╔══

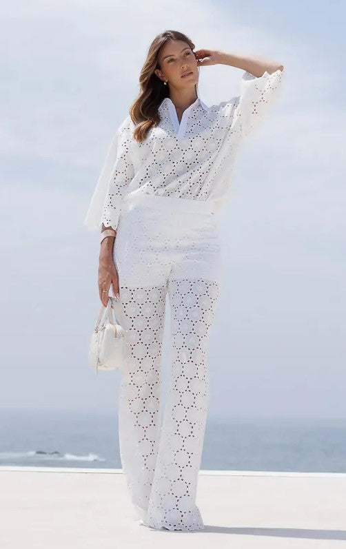 Calça 250156 em tecido de renda com corte boca de sino. Possuí forro. Aperta na lateral com fecho invisível.
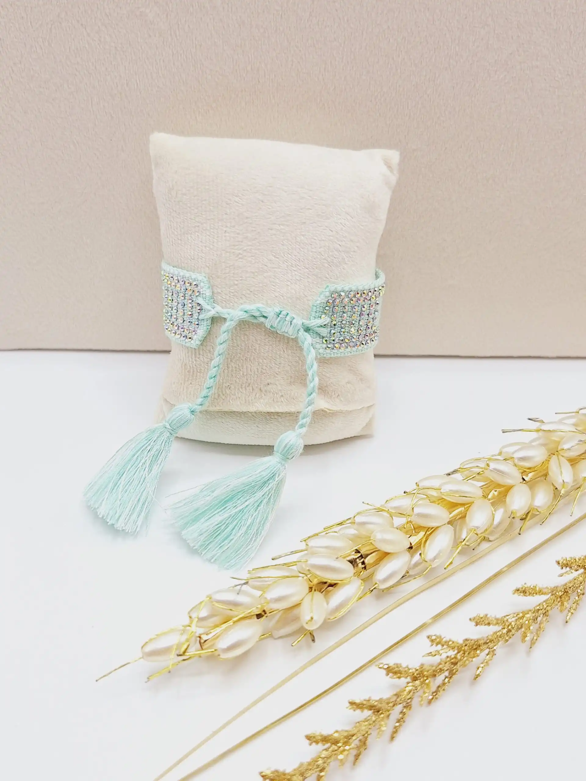 این دستبند پارچهای نگیندار الهام گرفته شده از طراوت و حس آرامش طبیعت است و مناسب خانمهایی که عاشق اکسسوریهای دخترونه، شیک و فانتزی با کمی درخشش هستند 💚💙✨😍
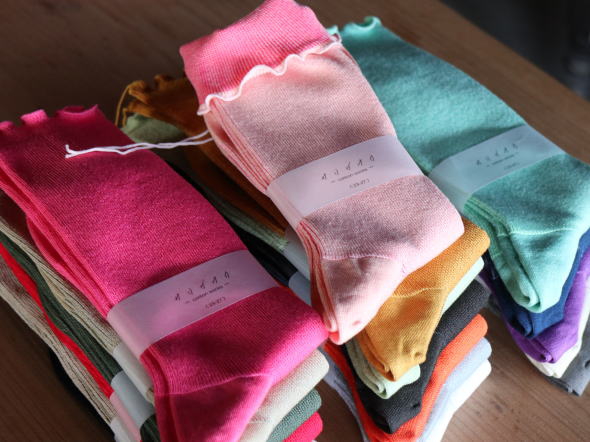 サリゲナク靴下(ヒムカシ)。コットン素材、春夏の靴下が入荷しています。
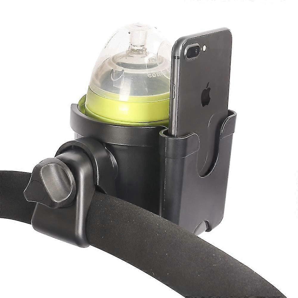 STROLLER ORGANIZER - Have your drinks and phone within your reach. Designed with your convenience in mind, this stroller phone holder allows you to have a secure place to put your phone and cup or water bottle on when you take your baby to the park or when youre riding your bike. You can easily grab your drink when you need to refresh. Securely holds your cup or bottle in place and keeps your drinks from spilling or falling.^ UNIVERSAL STROLLER ORGANIZER - Our stroller Organizer fits most stroller bars and handles like Uppababy vista, Baby Jogger, Britax, BOB, Bugaboo, Maclaren, Thule, Peg Perego, Joovy, or Umbrella stroller, and it can securely hold bottles and cups, while providing easy access to your phone.^ EASY INSTALLATION -This stroller organizer cup holder is very easy to install. Simply clamp on the adjustable stroller hook to your stroller handles or handlebar and adjust as necessary. You can turn the bottle phone holder 360 degrees to get the right angle.^ PHONE AND CUP HOLDER - The cell phone cup holder has a large phone holder, to fit most phones. Enjoy the luxury of your phone at your fingertips at all times of your travel. Large bottle holder to fit most cups and bottles like Starbucks, coffee or your babys milk bottle. The cup holder stays firmly in place even on a bouncy road.^
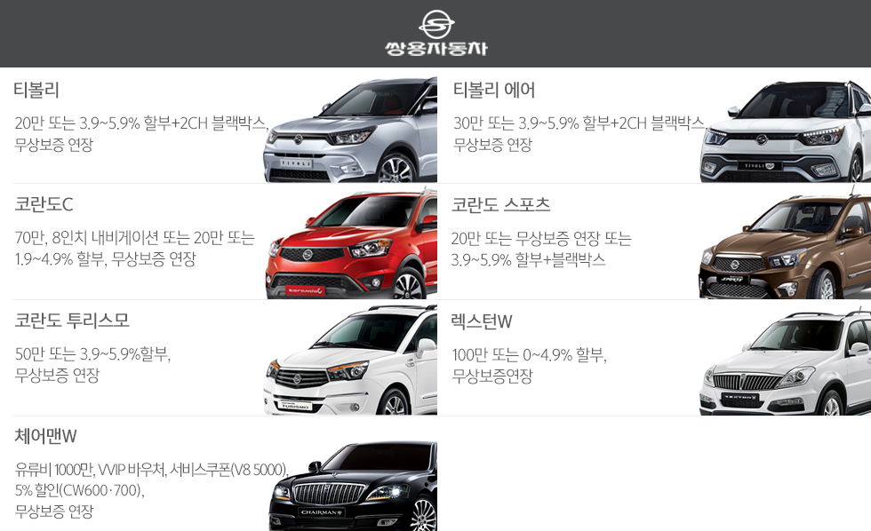 코란도 스포츠의 경우, 20만원(또는 무상보증 연장)을 할인해주고, 3.9~5.9% 할부와 블랙박스 무상 제공 등의 할인을 지원받을 수 있다. 코란도 투리스모는 50만원 또는 3.9~5.9% 할부 중 선택할 수 있다. 렉스턴W 구매자에게는 100만원(또는 무이자~4.9% 할부)을 지원한다.
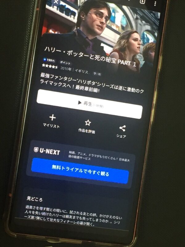 U-NEXTの特徴としては、無料トライアル中に映画「ハリー・ポッターと死の秘宝PART1」の動画を見れるだけではなく色々な映画を見放題で視聴できるのがポイントです。
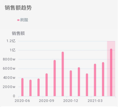据美业颜究院数据显示,统计线上市场规模,2020年6月-2021年5月刷酸市场规模近7.5亿元,月均销售增长率约为13%,2021年Q1销售额同比增长达到104%,刷酸护肤销售趋势一路走高,发展迅猛。

╚══

> _Exercise aim_: Set down word for word the lines beginning with the one containing "U-NEXTの特徴としては、" and ending with the last line of the listing, inclusive. Omit every picture.

> _Answer to the exercise_:
 U-NEXTの特徴としては、無料トライアル中に映画「ハリー・ポッターと死の秘宝PART1」の動画を見れるだけではなく色々な映画を見放題で視聴できるのがポイントです。
据美业颜究院数据显示,统计线上市场规模,2020年6月-2021年5月刷酸市场规模近7.5亿元,月均销售增长率约为13%,2021年Q1销售额同比增长达到104%,刷酸护肤销售趋势一路走高,发展迅猛。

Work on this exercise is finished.